The 5 questions of this issue take us to lovely Switzerland. Living in Geneva, Jacques Rattaz is working as a fashion photographer and photography tutor at ETAP Sàrl Photography Institute.

We stumbled upon his website GlamBoudoir.ch. There we learned that he is also shooting boudoir and artistic nudes at a commercial level.
We wanted to know more.

[GL] Good Light Magazine
[JR] Jacques Rattaz

[GL] How did you come to photography? How did you learn the techniques?

[JR] When I was 13 years old, already 37 years ago, my father gave me its Canon F1 (that I always own). At the same time, I had the opportunity to follow, at school, a laboratory course. All the necessary things were put together to create a passion!

For the technical point of view... I mainly learnt by myself, reading monthly magazines, buying some books and practicing a lot, trying to break the rules, coming back ( when my friends and my parents were not appreciating my "new art"). I also bought a lot of photographer's books and, for each photograph, I always tried to express what I liked or disliked, even for the pictures of my favorite photographs (Jean-Loup Sieff, Steve Mc Curry, Helmut Newton are the main one).
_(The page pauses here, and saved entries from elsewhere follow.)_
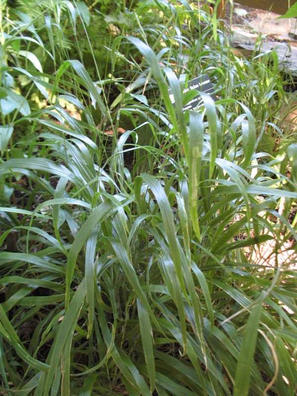 Slender false brome grass features (- branchless hollow culms (flower stalks) rising to 3’ tall, (- dense tufts of arching, hairy, linear-lanceolate, yellow-green to green leaves to 12” long by 1/2” wide, (- culm-topping, noticeably drooping flower spikes, each of which contains 4-12 spikelets (flower clusters) on very short 1/2” pedicels, and (- a lengthy July-October bloom.
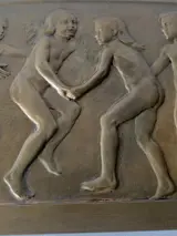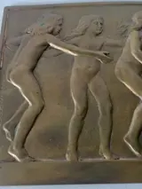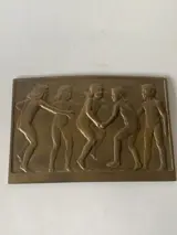 Bronzen plaquette van Felix Pfeifer (1871-1954), voorstellende naakte dansende meisje en 1 jongentje in Relief.
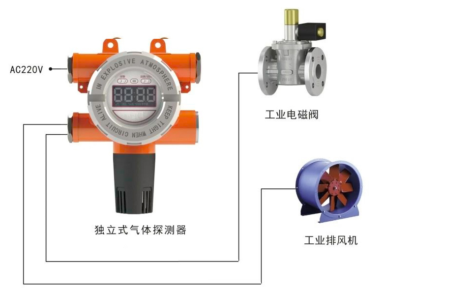 獨(dú)立式商業(yè)天然氣報警器采用進(jìn)口傳感器技術(shù),防腐防爆設(shè)計(jì),工作電壓為220V,產(chǎn)品自帶現(xiàn)場濃度顯示和聲光報警燈,設(shè)備含兩路報警輸出1路為脈沖信號輸出,1路為無源開關(guān)量信號輸出,獨(dú)立式天然氣報警器無需氣體報警器控制主機(jī),產(chǎn)品直接控制電磁閥和排風(fēng)機(jī),產(chǎn)品主要應(yīng)用于理發(fā)店,旅館,餐飲店,酒店鍋爐房,單位食堂等場所

[GL] Why are you into boudoir photography? What brought you there?

[JR] I'm passionate about Human relationship and light... This means that naturally I prefer people photography and I am more and more attracted by studio lighting. I thing that boudoir and nude photography are the logical next step after portrait and fashion. They request to master light, human contacts and mind control. Light because shadow will be the model's clothes. Human contacts because you must develop your psychological abilities in order to keep the model (or customer) confident and natural in a difficult (for most of them) situation, they must forget their taboos. The photographer must reset his natural human mind and keep his mind at the right level... He must observe, bur he must not look, he must be dedicated to the image he is creating

Once these points mastered, I thing that the photographer is able to bring to his customers pictures that will help them to accept themselves when they are doubting, after a failure in their sentimental life, when their skin, hair or body are changing year after year or just to keep memories of their youth... And that for women or men.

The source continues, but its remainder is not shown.